It’s interesting though, this story that you’re telling about kind of this positive feedback loop of, you have more machines out of which you can generate more data, and then you need more machines to look at that data. I know one of the other things that you’ve talked a lot about is how you maintain privacy within this sort of data-rich environment, especially if you’re doing say, an important audit of something that’s really sensitive. So I know something that you’ve worked on in the past is looking at, say wage data, right? Data that’s extraordinarily sensitive, but offering to go in and look at lots of data, but doing it in such a way that kind of protects the privacy of the individuals involved. When you’re approaching something like privacy, is that simply a matter of A kind of a mathematical problem? Are there other issues that kind of come into play? What’s the right approach for thinking about how that actually works as a kind of technical issue?

Azer Bestavros:

(23:09) Mathematics is going to be there, but it’s not what’s started is something totally different. And this is another example of my work on privacy and how I, you know, I started by talking about content distribution, that’s how I got into it, and then cloud computing. So how did I end up doing some privacy work? Related to the notion that there is data that you need to analyze? So okay, another thing about this notion of internet and large-scale systems, is data also becoming large-scale, right? So if you think about, let’s say, hundreds of employers in the city of Boston, every one of them has a database of their employees. So you have large-scale data, but the data is not one single owner. So if you go back to the 80s, you have a floppy disk of some sort and that’s, that’s what it is, it’s yours, you have it in your hand. And if I want to give you the data I make a copy of it, right? Fast forward to you know, what we have now. Data has owners, and the owners do not want to share it, it may be very sensitive. And it’s at a scale that you cannot copy, which think about this, again, you just can’t copy the data. Google has services, if you want to move your muscle data, they actually put it on a hard disk and you ship it by UPS: that’s faster than trying to put on the internet and suck it up, and they have this service. So literally, it’s faster to move data with airplanes and trucks than to use the internet for it because it’s so huge that it can’t hold it. And certainly, you don’t want to copy it because there’s too much of an overhead.

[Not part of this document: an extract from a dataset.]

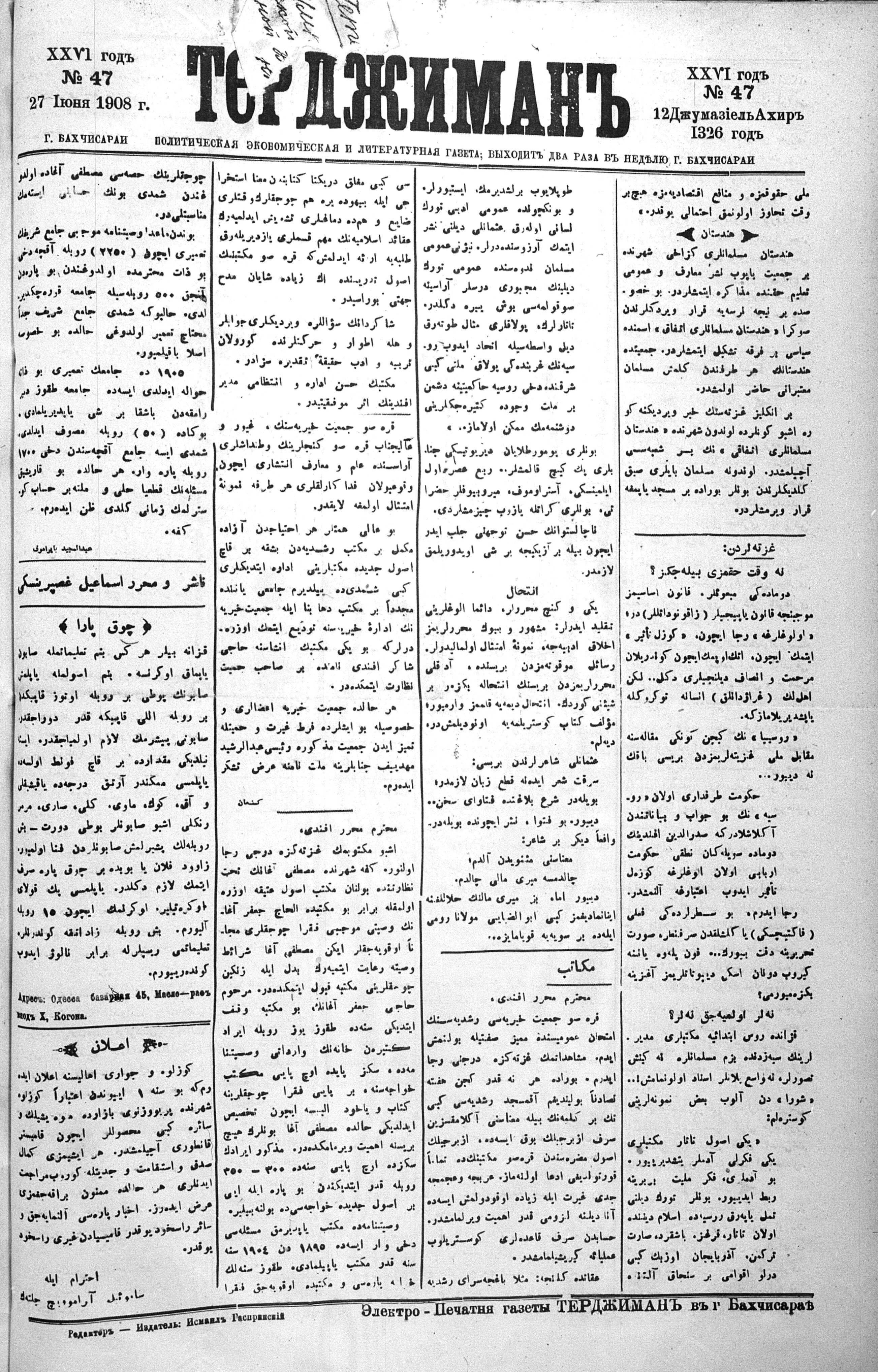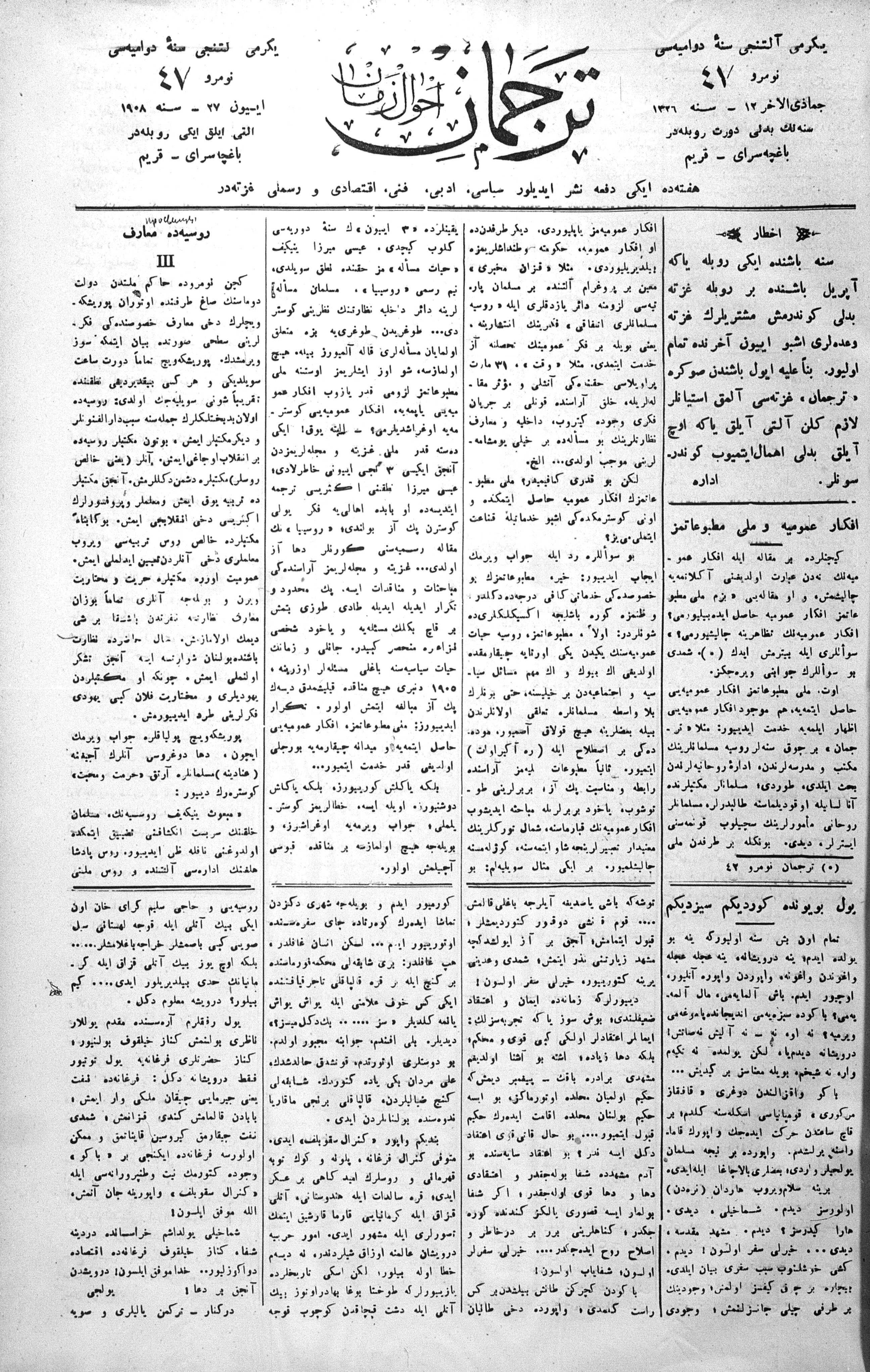 Tercüman, 27 June 1908 Year 26 No 47

(24:48) So if you think about the scale of data and how data now is owned by different people, and so on. The question is, from a perspective of thinking about all this data, as just one file, and thinking about I just want the computer to process it. That’s wrong knowledge. Because it’s not one file, it’s a bunch, let’s say 100, and each is databases. The question you want to answer, maybe one question, “what is the gender pay equity, or inequity, between men and women, or minorities?”, you can think of it in the abstract, if somebody gives me the data, I can compute what I want. And the problem is like a sophomore can do it. But the problem is that that’s not how data is, data is not going to lend itself on your desk. So you have to design systems that take as input the constraints put on the data. One of these constraints is privacy, but it could be others. One of them is literally scale. One of them is “I can’t move all the data that’s in place”. Privacy prevents actually moving the data in one place because nobody wants to give you their data to start with. Given these constraints, then you will write your system, right? You will write your solution in a way that recognizes the challenge that was supposed to be met. And that was interesting, I never thought of privacy as a constraint. I always thought about scale, I told you before content distribution, you know, the Lewinsky report and how there were dozens, hundreds of 1000s people on to access a single file. It is all about performance, it’s all about media security.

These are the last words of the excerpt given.